Seit Mitte März sind sowohl das öffentliche Leben als auch die wirtschaftlichen Aktivitäten aufgrund der exponentiellen Ausbreitung des Coronavirus in Deutschland stark eingeschränkt. Ziel dieser Maßnahmen der Bundes- und Landesregierungen ist die Verlangsamung der Verbreitung des Virus SARS-CoV-2 und dessen langfristige Beherrschung, um die damit verbunden Folgen für das Gesundheitssystem sowie für die Gesellschaft allgemein abzumildern.
In einigen europäischen Ländern wie Italien oder Spanien wurden per Verordnung sogar alle nicht systemrelevanten Firmen und Unternehmen zeitweise geschlossen. Auch wenn diese Stufe der Ausbreitungsverhinderung in Deutschland bislang nicht umgesetzt wurde, stellen sich viele Unternehmen die Frage, wie sie ihre Betriebstätigkeit bei gleichzeitig größtmöglichem Schutz der Mitarbeiterinnen und Mitarbeiter aufrechterhalten können.

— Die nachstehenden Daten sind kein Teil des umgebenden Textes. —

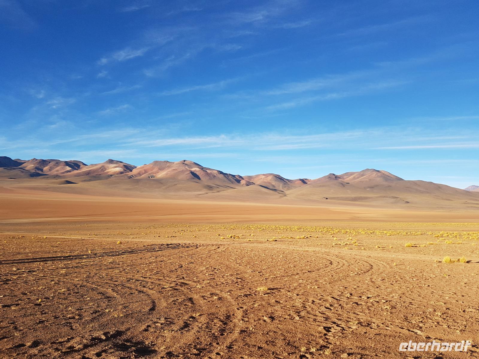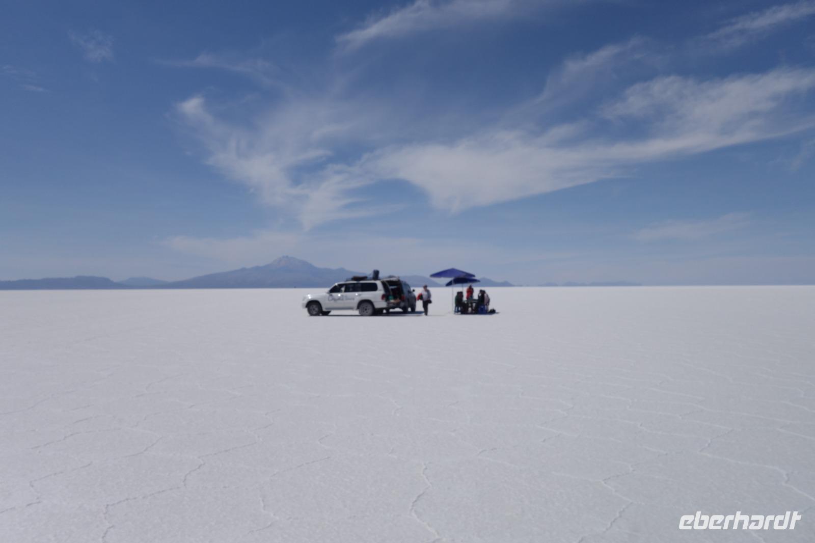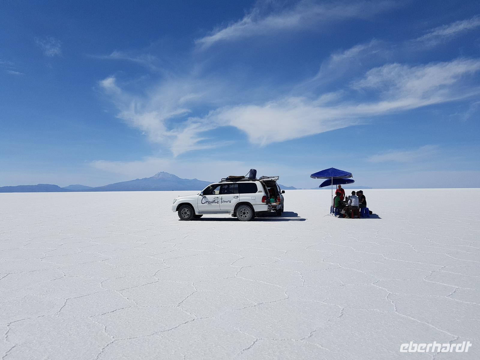Heute hat Benjamin von Eberhardt Travel gemeinsam mit Cinthia im Supermarkt eingekauft und alle Gäste zu einem gemeinsamen Picknick eingeladen. Wir verlassen Potosi und Cerro Rico voll Mineralien und fahren weiter in den kleinen Wüstenort Uyuni. Die Fahrt heute ist besonders schön, wir sehen endlose Straßen und die Landschaft und Fauna, die sich langsam verändert. Wir sehen schon die ersten Lamas und Vicunas. Im Hintergrund sieht man auch ein Vulkan. Das Wetter verändert sich im laufe des Tages und ab und zu regnet es ein bisschen. Wir machen auf dem Weg verschieden Photo-Stopps, einen am Ort ds Picknicks und einen von einem höheren gelegenen Punkt aus, von wo man den Uyuni Salz See im Hintergrund sehen kann. Wir freuen uns schon sehr auf morgen und die nächsten 3 Tage. Ein Highlight der Reise.
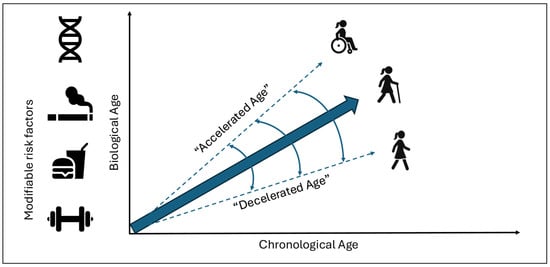 Relation between chronological age and biological age. Biological age is determined by genetic and modifiable factors, leading to accelerated or decelerated aging, hypothetically impacting the patient’s clinical trajectory.
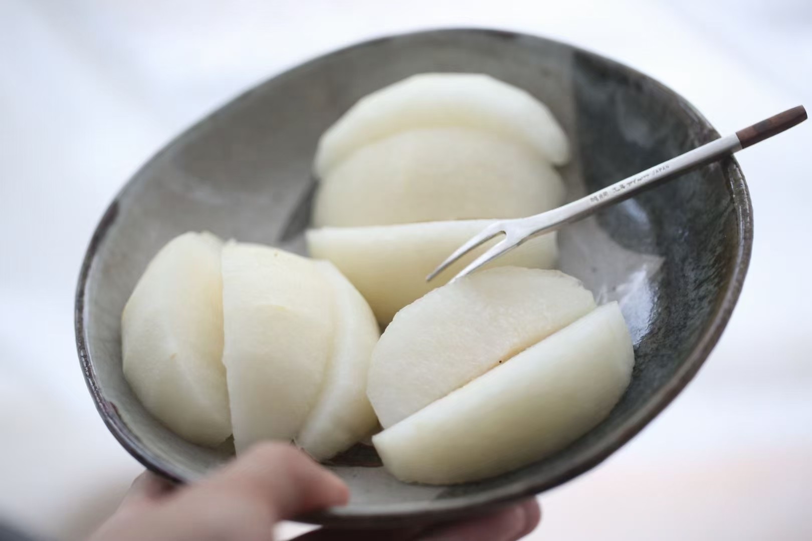 猫太说: 这一箱秋月梨,个个都有拳头般大小,皮却薄薄的,拿在手里冰凉光滑,沉甸甸的,光摸着就质感十足!果肉雪白如凝脂,晶莹剔透,咬一口,汁水就顺着手掌流下来,梨子入口细嫩无渣,连果皮都是软嫩的,没有一丝梨的颗粒感! 它有个外号——“加了冰糖的矿泉水”,可见它的甘甜多汁,真的甜!水润!连靠近核的地方都是甜的!口感爽脆,清润冰凉,肥厚的果肉在嘴中轻轻一抿就化成了一汪梨汁!实在是太解渴了!去皮吃,更是幼嫩! 大家都知道秋季干燥、缺水,还容易上火,秋月梨80%都是水分,实在是太应季的水果了!秋季多吃白色的食物特别养生,梨子就是,除了直接吃,打成梨汁、做成冰糖炖梨,或是和我们的银耳莲子一起煮,都超好吃的,会比丰水梨更优秀! 猫太实拍: |

Die Beantwortung dieser Frage ist nicht trivial, da sie organisatorische, wirtschaftliche und technologische Implikationen hat. In der Krise zeigt sich wie resilient IT-Systeme und Strukturen sin.

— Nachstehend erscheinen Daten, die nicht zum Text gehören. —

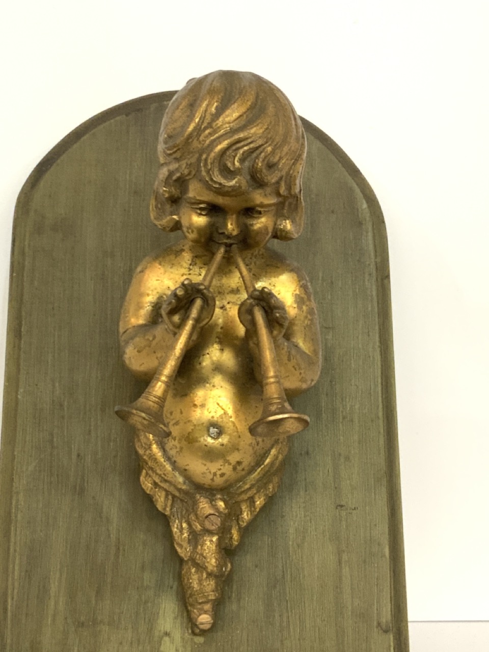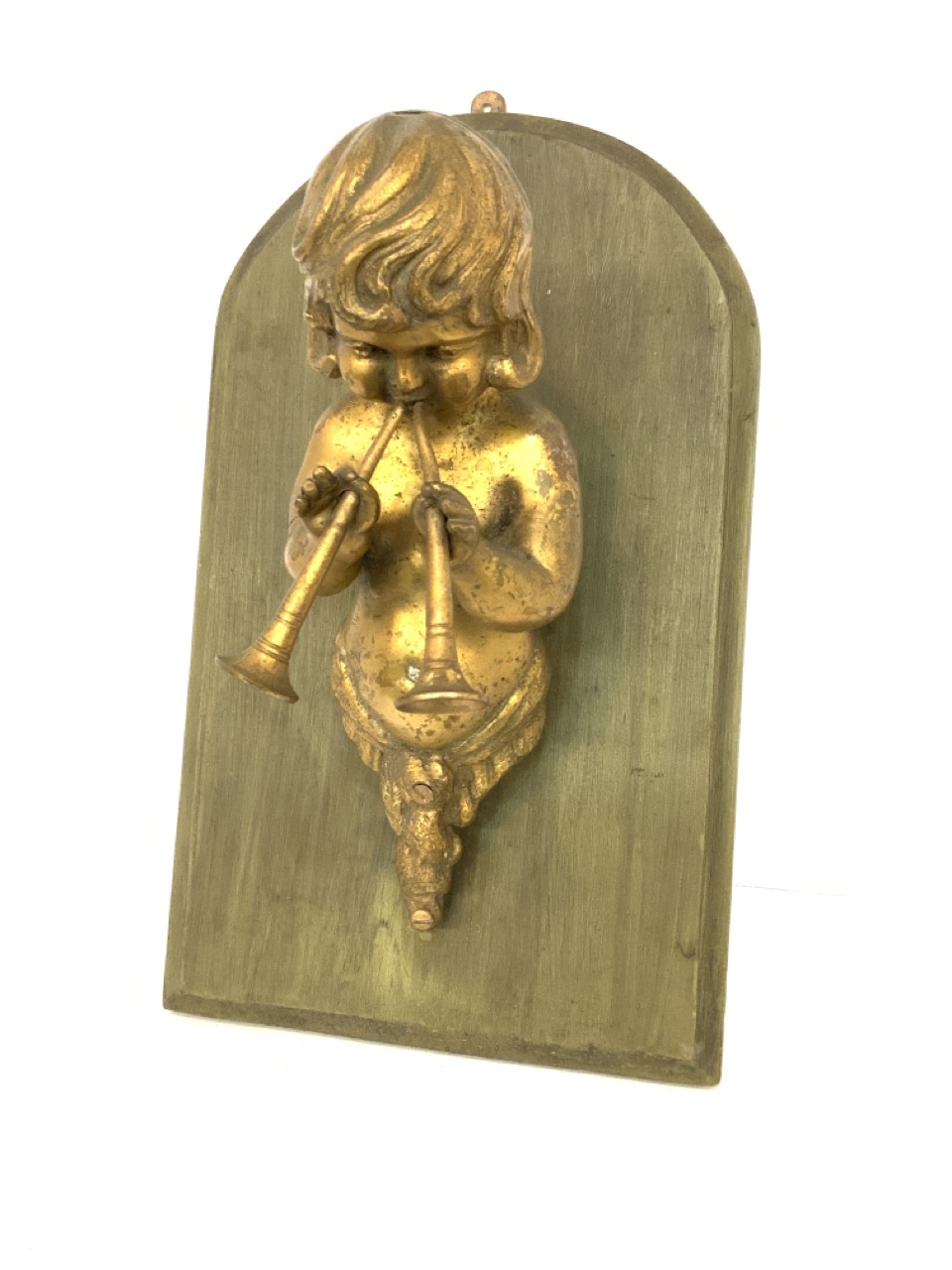 A solid bronze architectural flute player mounted on pine board for display.

Wer kann remote Arbeiten und wer nicht?
In operativen Bereichen wie der Fertigung oder der Montage, aber auch im Handwerk oder im Einzelhandel ist eine Entzerrung der Arbeitsbedingungen nur durch eine zeitliche oder räumliche Trennung von Mitarbeitern und Kunden umsetzbar. Die vollständige Verlagerung von Mitarbeitern bzw. Arbeitsplätzen in das Homeoffice ist in diesen Bereichen aufgrund der operativen Tätigkeiten nahezu ausgeschlossen. Vielen Betrieben bleibt alleinig die Entscheidung zwischen der angepassten Fortführung oder der Einstellung des Betriebs, sofern nicht übergeordnete Regelungen oder wirtschaftliche Zwänge diese Entscheidung von extern vorgeben. Während Geschäftsprozesse somit insbesondere im operativen Bereich häufig aufgabenbedingt an einen festen Erbringungsort gebunden sind, existiert darüber hinaus auch eine Vielzahl an unternehmerischen Aufgaben, die – teilweise unter Einschränkungen oder mit Herausforderungen – auch dezentral, also remote und an verteilten Arbeitsplätzen außerhalb einer Betriebsstätte verrichtet werden könnten. Hierunter fallen insbesondere administrative oder planerische Prozesse, wie z.B. in den Funktionsbereichen Vertrieb, Beschaffung und Finanzbuchhaltung. Krisenzeiten wie diese sind also nicht nur eine Belastungsprobe für jeden Einzelnen, sondern sie zeigen auch die Resilienz (Flexibilität, Funktionalität, Performance und Sicherheit) von betrieblichen IT-Systemen, insbesondere ERP-Systemen, auf.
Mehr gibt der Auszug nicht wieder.